R3-light

Neue Ricoh Caplio R30 ohne CCD-Shift und mit 5,7-fach-Zoom

2006-01-10 Etwas zoomschwächer und verwacklungsfreudiger, aber dafür um rund 100 EUR günstiger als die Ricoh Caplio R3 ist deren kleine Schwester Caplio R30, die heute offiziell von Ricoh vorgestellt wurde. Wer also auf ein bisschen Zoom und auf die Bildstabilisierung per CCD-Shift verzichten kann, findet in Form der Ricoh-Neuheit eine preisgünstigere Alternative zur Caplio R3, die sonst mit dem gleichen Funktions- und Ausstattungsumfang sowie mit den gleichen technischen Finessen aufwartet. Auch solchen wie die Zoom-Makro- oder die Entzerrungsfunktion.  (Yvan Boeres)

Ricoh Caplio R30 [Foto: Ricoh Deutschland]Böse Zungen würden die neue Ricoh Caplio R30 auch als "abgespeckte" Version der Caplio R3 bezeichnen. Tatsache ist, dass sich beide Kameras sowohl äußerlich als auch von den "inneren Werten" her kaum voneinander unterscheiden.
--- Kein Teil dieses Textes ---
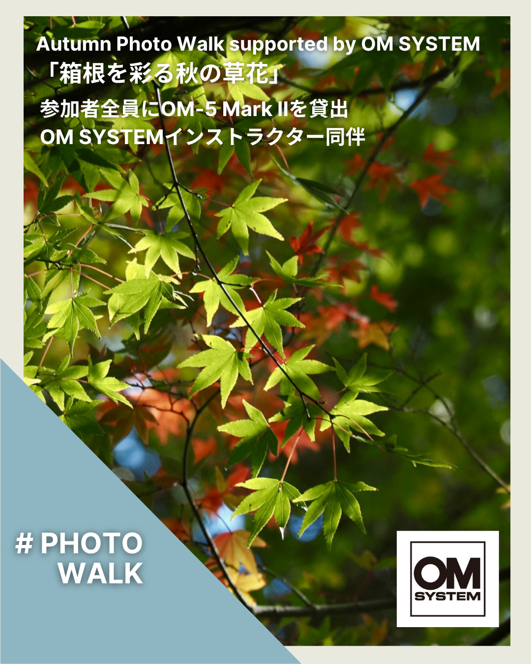 OM SYSTEMのミラーレス一眼カメラ"OM-5"を持って、OM SYSTEMインストラクターと共に、秋色に染まった箱根をテーマに、箱根湯本・塔ノ沢エリアを巡るイベントです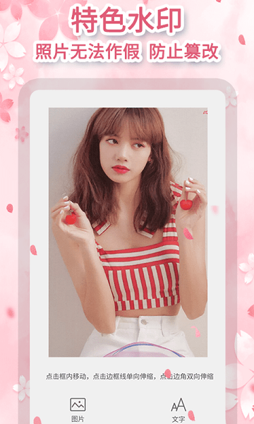 图片加水印:可以添加自定义相册图片,自定义文字,自由涂鸦,多图层想怎么玩就怎么玩。支持多种字体样式和透明度调节,打造专属水印效果。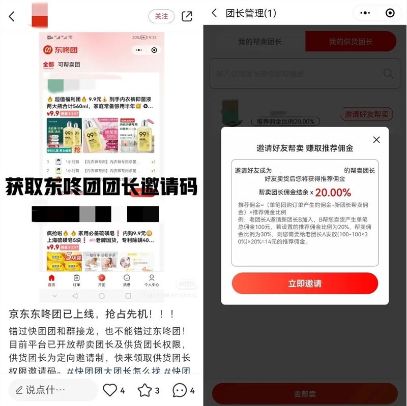 在小红书、抖音和微信公众号上,已经出现了一些招募东咚团团长和帮卖的内容,基本不要求经验,也没有人数限制,一位团长表示他现在已经有了120多位帮卖,并且还在招募中。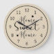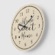 Hogar Sweet Home en escritura moderna con una simple cara de reloj numérica en el fondo del bronceado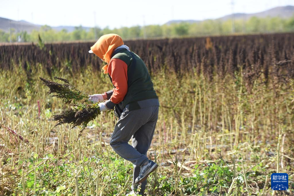 10月1日,在沽源县白土窑乡小西沟村,种植户王秀梅在田间捡拾收割机收割后剩余的藜麦。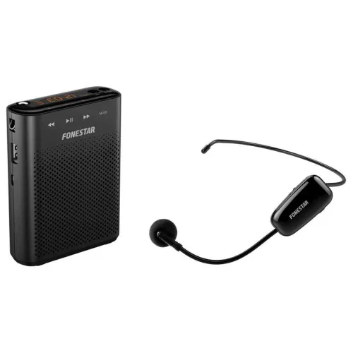 USB/microSD/MP3 portable amplifier FEATURES Be heard clearly from a distance without distortion and without the need to strain your voice. Wireless microphone allows you to move freely. Simple to use due to its compact size and user-friendly controls. Sturdy and robust, for everyday use. Manufactured in ABS. Ergonomic design with built-in attachment clip, waist strap and carrying case ensures comfortable use for extended periods of time. The long-lasting rechargeable battery is perfect for a long day´s work. The MP3 music player and voice recorder make lectures and chats more enjoyable. APPLICATIONS For teachers, trainers, speakers, tour guides and coaches. TECHNICAL DATA UHF wireless microphone USB/MicroSD/MP3 recorder/player Battery life: 9 h average volume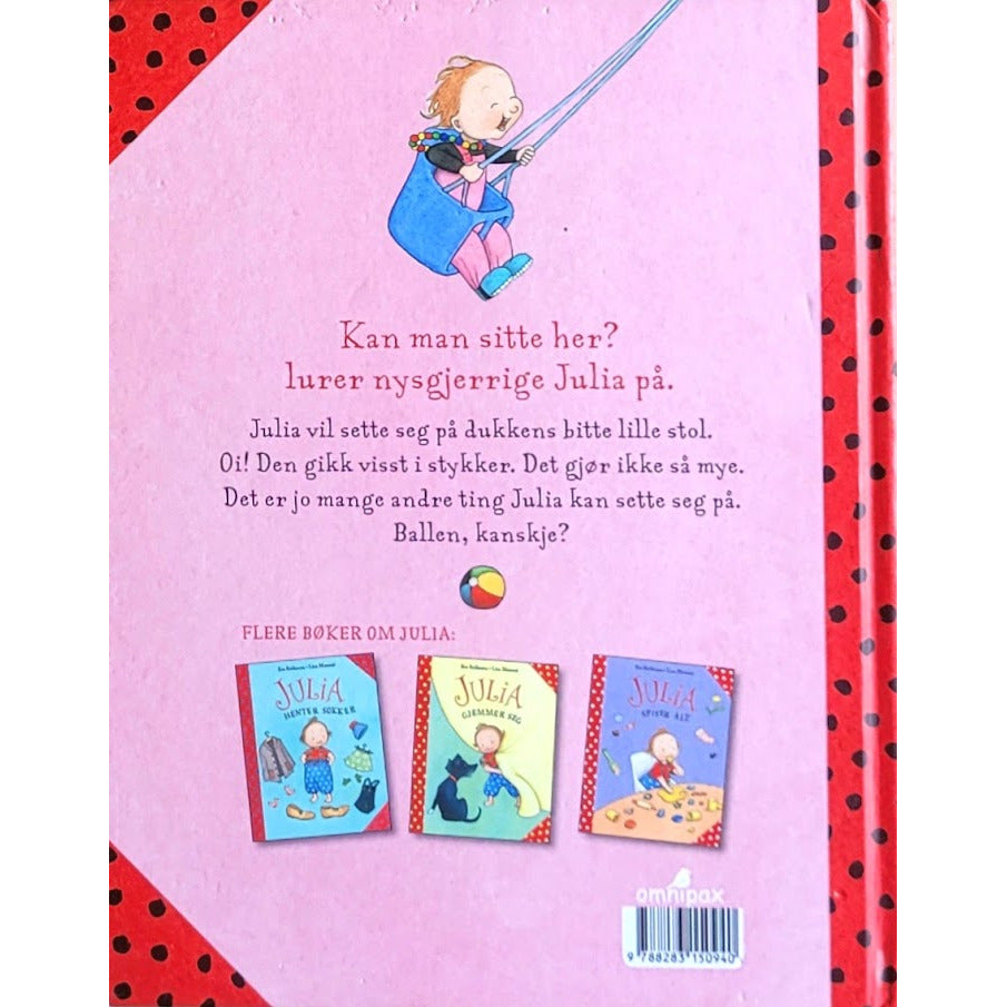 Julia vil sette seg på dukkens bitte lille stol. Oi! Den gikk visst i stykker. Det gjør ikke så mye. Det er jo mange andre ting Julia kan sette seg på. Ballen, kanskje?

So sorgt außerdem ein ausgeklügeltes Schwenksystem dafür, dass Teile des optischen Systems beim Ausschalten der Kamera bzw. beim Einfahren des Objektivs aus dem Strahlengang herausgeschwenkt werden und die Kamera so sehr flach gehalten werden konnte. Sind die zwei beweglichen Linsengruppen in "Parkposition", beträgt die Gehäusetiefe nur 2,6 cm. Nur hat Ricoh in der Caplio R30 ein zoomschwächeres Objektiv eingebaut; durchfuhr die Caplio R3 noch einen Brennweitenbereich von umgerechnet 28 bis 200 Millimetern (7,1-facher Zoomfaktor), muss sich die jüngere Schwester mit einem Brennweitenbereich von 28 bis 160 Millimetern bzw. mit einem 5,7-fachen Zoomfaktor begnügen. Die Lichtstärke bleibt unverändert bei F3,3 bis F4,8, je nach eingestellter Brennweite.
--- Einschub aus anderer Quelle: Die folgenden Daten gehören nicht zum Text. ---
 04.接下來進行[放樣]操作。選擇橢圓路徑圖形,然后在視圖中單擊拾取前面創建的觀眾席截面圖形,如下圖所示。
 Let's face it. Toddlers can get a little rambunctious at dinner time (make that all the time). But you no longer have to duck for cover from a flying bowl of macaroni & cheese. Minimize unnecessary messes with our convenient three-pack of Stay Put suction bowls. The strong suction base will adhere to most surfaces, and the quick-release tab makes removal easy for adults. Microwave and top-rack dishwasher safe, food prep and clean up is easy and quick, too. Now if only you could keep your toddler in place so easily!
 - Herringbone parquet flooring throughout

Die Caplio R3 und R30 teilen sich auch den gleichen Bildwandler. Während der 1/2,5"-CCD mit einer Nettoauflösung von 5,13 MBytes aber bei der Caplio R3 zur Kompensierung von Verwacklungen bewegt werden konnte, ist er bei der neuen Caplio R30 fest angebracht. Ohne kameraseitigen "Verwacklungsschutz" ist das Risiko unscharfer Aufnahmen größer. Da ist man stärker auf eine ruhige Hand, früher auf ein Stativ und/oder eher auf höhere Empfindlichkeiten angewiesen. Zum Glück hat sich am Empfindlichkeitsstufen-Aufgebot nichts geändert, und man kann nach wie vor auf ISO-Stufen von 64 bis 800 (letzteres immer noch bei verringerter Auflösung) zurückgreifen.
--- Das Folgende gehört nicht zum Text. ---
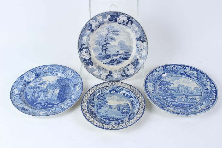 FOUR 19TH CENTURY TRANSFER PRINTED BLUE AND WHITE PLATES, each with a named view: Roche Abbey, Yorkshire, Netley Abbey, Tedesley Hall and Amport House, Hampshire.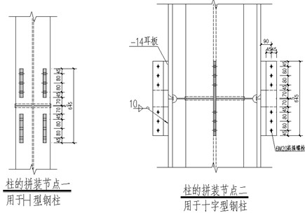 (a)、柱的拼裝節(jié)點,如圖六加耳板的方法,這樣可以在高空拼裝柱的時候,不僅能提高柱在拼裝時的精度,也有利于施工安全。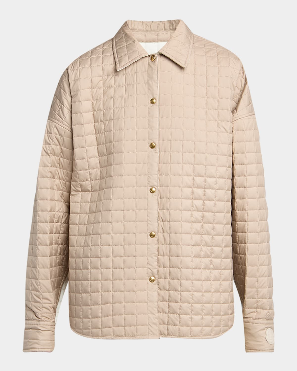 - Moncler quilted shirt jacket reverses for versatile styling - Point collar - Dropped shoulders - Long sleeves with snap cuffs - Silicone logo patch at left sleeve cuff - Relaxed fit - Rounded hem - Snap-front - Polyester/leather - Lining: Polyester - Hand wash - Made in Hungary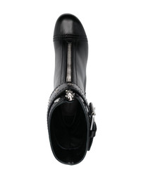 buckle-detail 90mm leather boots Capturing Alexander McQueen's love for punk-inspired aesthetics, these leather boots are decorated with an expressive buckle, as well as contrasting silver-tone details. Resting atop 90mm stiletto heels, the pair fastens with an exposed front zip. Highlights - Black - Calf leather - Silver-tone hardware - Decorative buckle detailing - Round toe - Front zip fastening - Branded insole - Stiletto heel - Leather sole Made in Italy Composition Sole: Calf Leather 100%, Rubber 100% Outer: Calf Leather 100% Lining: Calf Leather 100% SIZE & FIT Measurement CIRCUMFERENCE 9.44 in(24 cm) HEEL 3.54 in(9 cm) HEIGHT 6.29 in(16 cm) Sole height 0.39 in(1 cm)
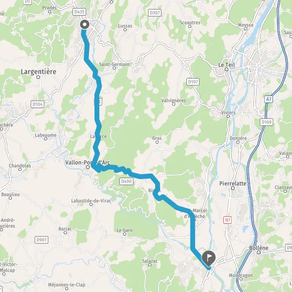 Au rond-point, prendre la 2ème sortie sur D1 (Route d'Aubenas) et continuer sur 9,7 kilomètres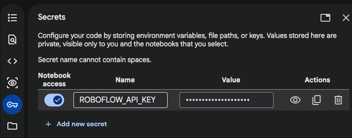 To integrate this data, store your Roboflow API Key in your Colab 🔑 Secrets under the name ROBOFLOW_API_KEY. This ensures your credentials remain secure during the training process.
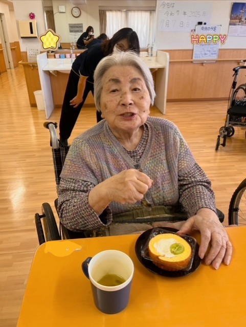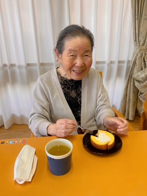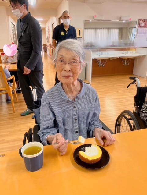 皆でケーキをいただきながらほのぼのとしたひと時を過ごします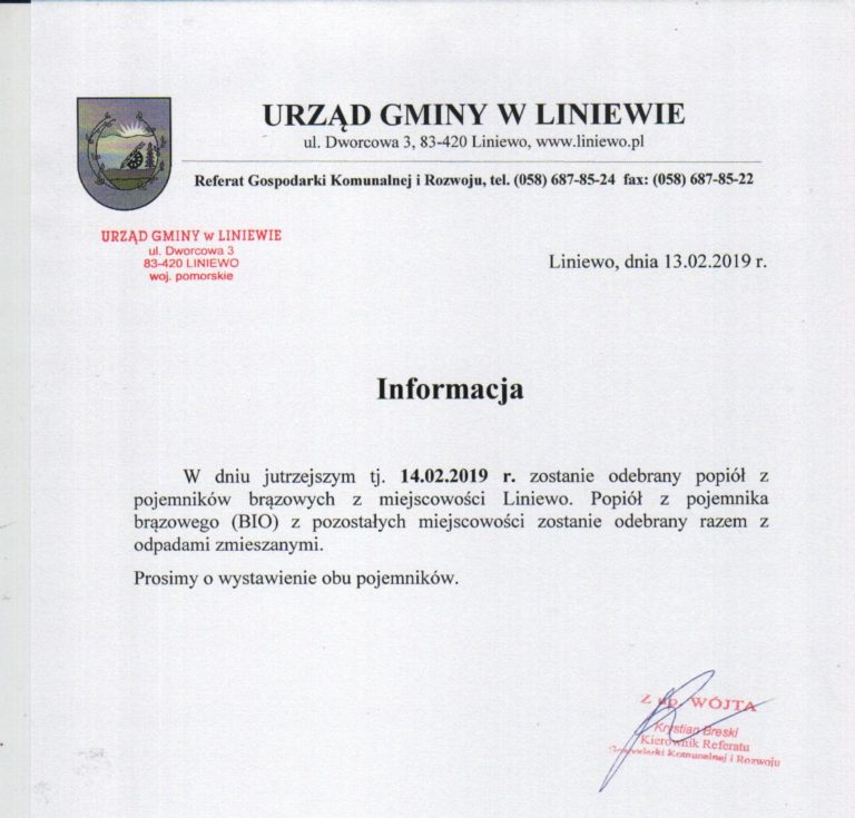 INFORMACJA Urząd Gminy Liniewo zwraca się zgodnie z art. 11a ust 7 ustawy z dnia 21 sierpnia 1997 r. o ochronie zwierząt ( Dz. U. z 2019 r. poz. 122) o wyrażenie opinii na temat „Programu opieki nad zwierzętami bezdomnymi oraz zapobiegania bezdomności zwierząt…

Sonst haben die zwei Caplio-Modelle auch nur Gemeinsamkeiten. Dazu zählen u. a. die Zoom-Makro-Funktion, der Mehrpunkt-Autofokus mit Messfeldvorwahl und 1-cm-Nahgrenze im Makro-Modus, die Entzerrungsfunktion, die "Smooth Image Engine" (Ricoh-eigener Signalverarbeitungsprozessor), der 2,5"-Farb-LCD, der Lithiumionenakku, die schnellen Reaktionszeiten – und vieles mehr. Abgesehen von den Objektivdaten und der Beschreibung des CCD-Shift-Bildstabilisators treffen praktisch alle in der Beschreibung der Caplio R3 (siehe digitalkamera.de-Meldung vom 14.09.2005) gemachten Angaben auch auf die neue Caplio R30 zu. Detailunterschiede gibt es nur bei der Größe des eingebauten Speichers (28 statt 26 MByte), bei der Akkulaufzeit und bei einigen objektivbezogenen Daten (z. B. Nahgrenze im Tele-Bereich). Ergänzend oder alternativ zum R3-Artikel gibt es noch das ausführliche digitalkamera.de-Datenblatt zur neuen Caplio R30, das stichpunktartig alles Wissenswerte über Technik, Funktion und Ausstattung des jüngsten Ricoh-Modells enthält. Die Ricoh Caplio R30 kommt bereits gegen Ende dieses Monates zu einem offiziellen Listenpreis von rund 300 EUR in den Handel.